* **What you have to do**: Among the entries below, only the lines from the one with "Image: Detaching the" through the one with "joined by three" are to be retyped, exactly and without pictures.
(Beginning of Input data)
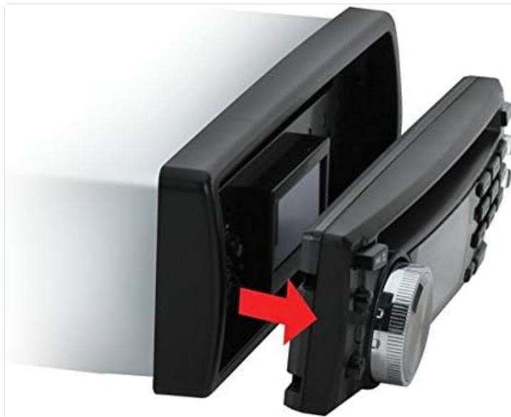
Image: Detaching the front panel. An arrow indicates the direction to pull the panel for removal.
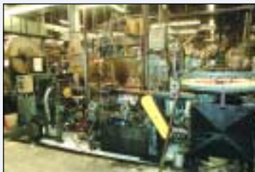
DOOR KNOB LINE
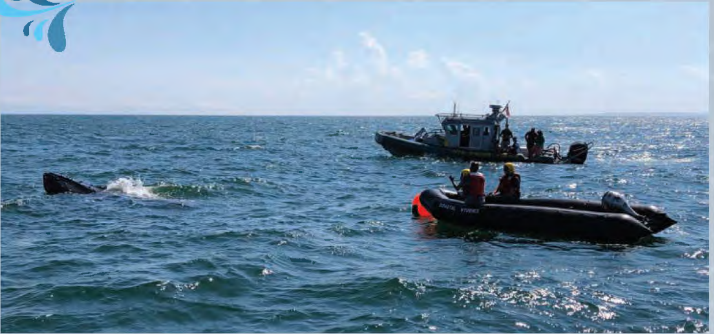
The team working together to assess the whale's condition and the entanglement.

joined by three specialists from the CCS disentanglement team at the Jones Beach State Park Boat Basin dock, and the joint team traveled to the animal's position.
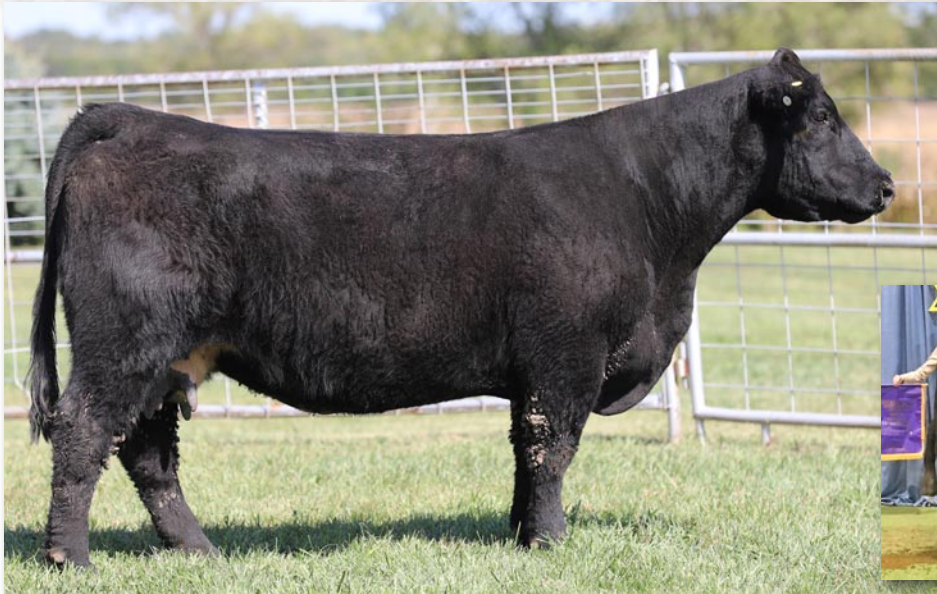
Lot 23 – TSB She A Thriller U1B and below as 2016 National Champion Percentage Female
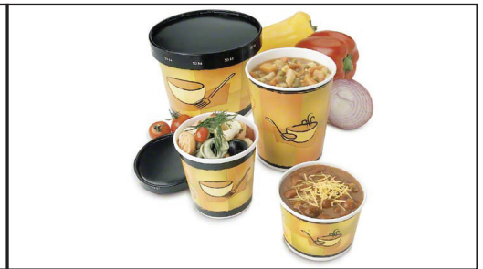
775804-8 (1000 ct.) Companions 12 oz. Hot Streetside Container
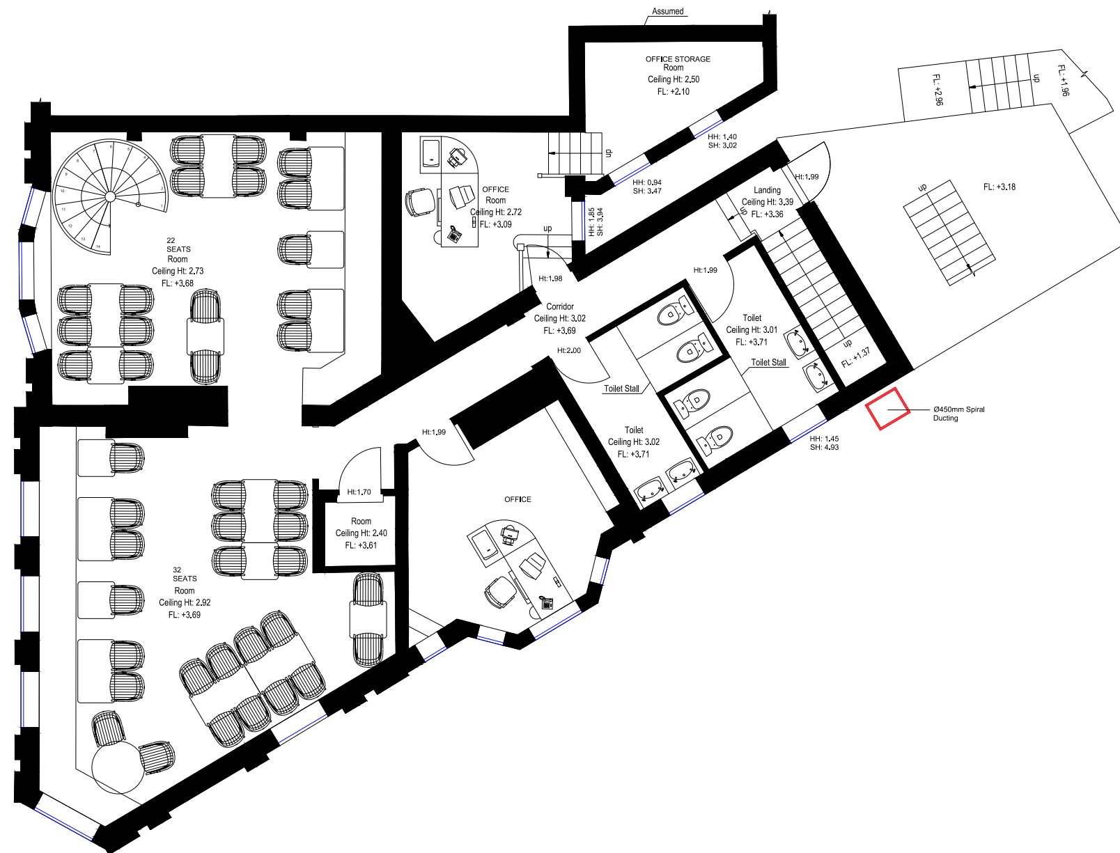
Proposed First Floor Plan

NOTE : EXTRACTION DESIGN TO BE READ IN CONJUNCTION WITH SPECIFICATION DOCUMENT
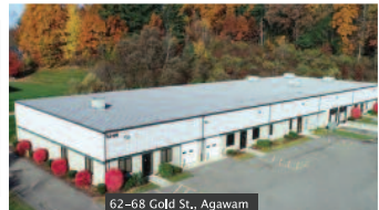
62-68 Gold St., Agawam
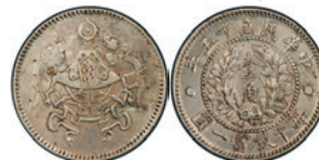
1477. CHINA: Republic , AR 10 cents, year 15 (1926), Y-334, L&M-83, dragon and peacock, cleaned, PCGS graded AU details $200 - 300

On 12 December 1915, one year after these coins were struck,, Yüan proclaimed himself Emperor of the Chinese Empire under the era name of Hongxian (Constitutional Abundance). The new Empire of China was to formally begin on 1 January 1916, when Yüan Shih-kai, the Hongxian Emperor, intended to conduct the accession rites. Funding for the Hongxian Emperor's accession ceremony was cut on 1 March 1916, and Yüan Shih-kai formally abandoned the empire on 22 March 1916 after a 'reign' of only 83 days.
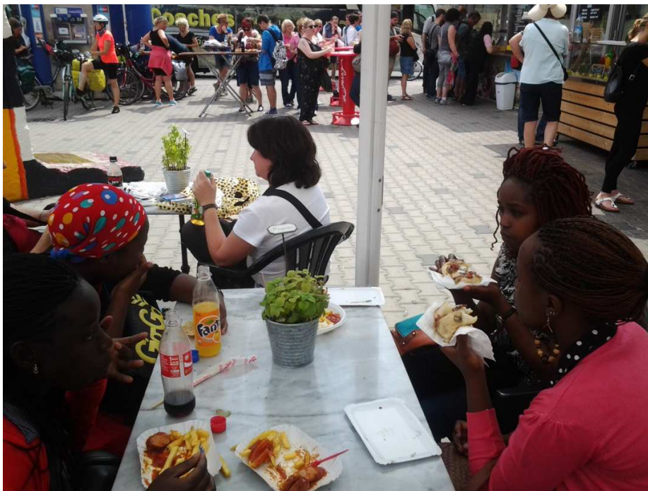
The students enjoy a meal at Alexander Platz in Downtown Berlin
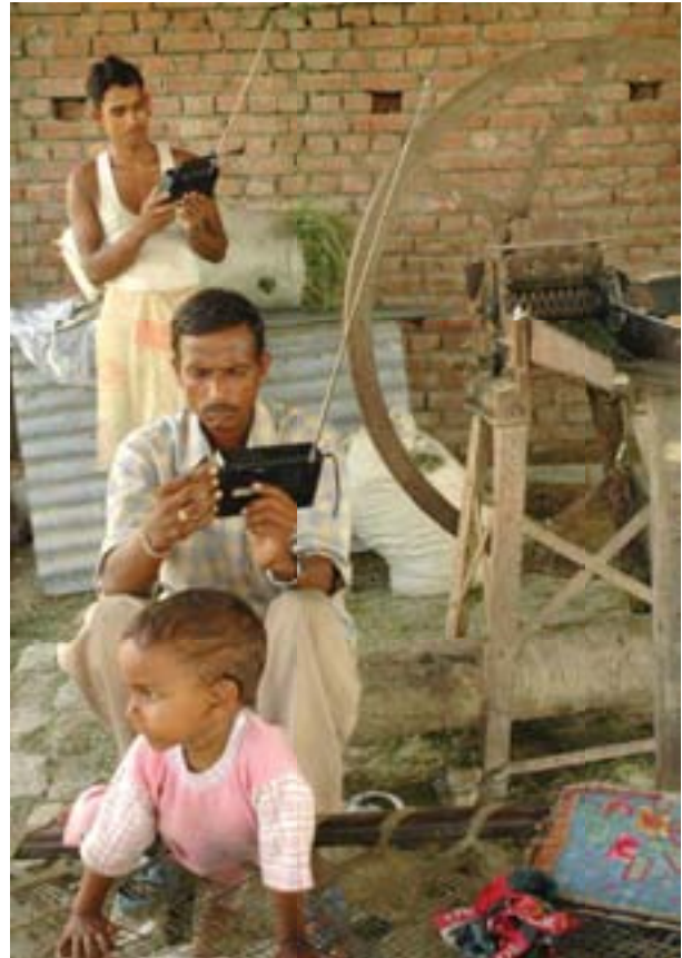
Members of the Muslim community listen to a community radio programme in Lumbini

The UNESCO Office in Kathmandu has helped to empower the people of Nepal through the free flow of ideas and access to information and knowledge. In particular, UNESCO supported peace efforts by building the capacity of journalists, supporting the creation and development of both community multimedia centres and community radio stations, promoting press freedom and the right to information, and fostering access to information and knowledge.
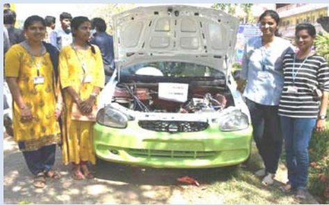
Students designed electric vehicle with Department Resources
(End of Input data)
(Beginning of Input data)
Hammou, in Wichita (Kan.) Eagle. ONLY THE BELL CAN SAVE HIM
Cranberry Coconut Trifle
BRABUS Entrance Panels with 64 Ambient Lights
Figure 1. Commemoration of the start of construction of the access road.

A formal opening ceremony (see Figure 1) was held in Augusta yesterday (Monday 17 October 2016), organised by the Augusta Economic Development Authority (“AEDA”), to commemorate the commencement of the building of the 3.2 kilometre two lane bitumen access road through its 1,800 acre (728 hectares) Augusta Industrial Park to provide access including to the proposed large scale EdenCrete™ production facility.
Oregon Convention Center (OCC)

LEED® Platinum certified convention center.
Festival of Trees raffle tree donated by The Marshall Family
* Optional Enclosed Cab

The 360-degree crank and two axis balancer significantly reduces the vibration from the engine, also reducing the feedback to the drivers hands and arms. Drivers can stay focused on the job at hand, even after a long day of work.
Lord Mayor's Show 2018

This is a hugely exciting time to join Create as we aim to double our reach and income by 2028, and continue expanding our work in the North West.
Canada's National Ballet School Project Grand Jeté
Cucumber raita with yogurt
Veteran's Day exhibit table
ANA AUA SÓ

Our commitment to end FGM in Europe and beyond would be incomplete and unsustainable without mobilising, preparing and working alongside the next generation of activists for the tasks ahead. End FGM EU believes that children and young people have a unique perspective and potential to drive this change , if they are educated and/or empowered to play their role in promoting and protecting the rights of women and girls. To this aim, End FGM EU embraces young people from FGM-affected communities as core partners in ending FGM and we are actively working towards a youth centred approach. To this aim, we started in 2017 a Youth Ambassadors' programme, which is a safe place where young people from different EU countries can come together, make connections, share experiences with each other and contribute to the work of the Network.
(End of Input data)
* **Response to this exercise**:
Image: Detaching the front panel. An arrow indicates the direction to pull the panel for removal.
DOOR KNOB LINE
The team working together to assess the whale's condition and the entanglement.

joined by three specialists from the CCS disentanglement team at the Jones Beach State Park Boat Basin dock, and the joint team traveled to the animal's position.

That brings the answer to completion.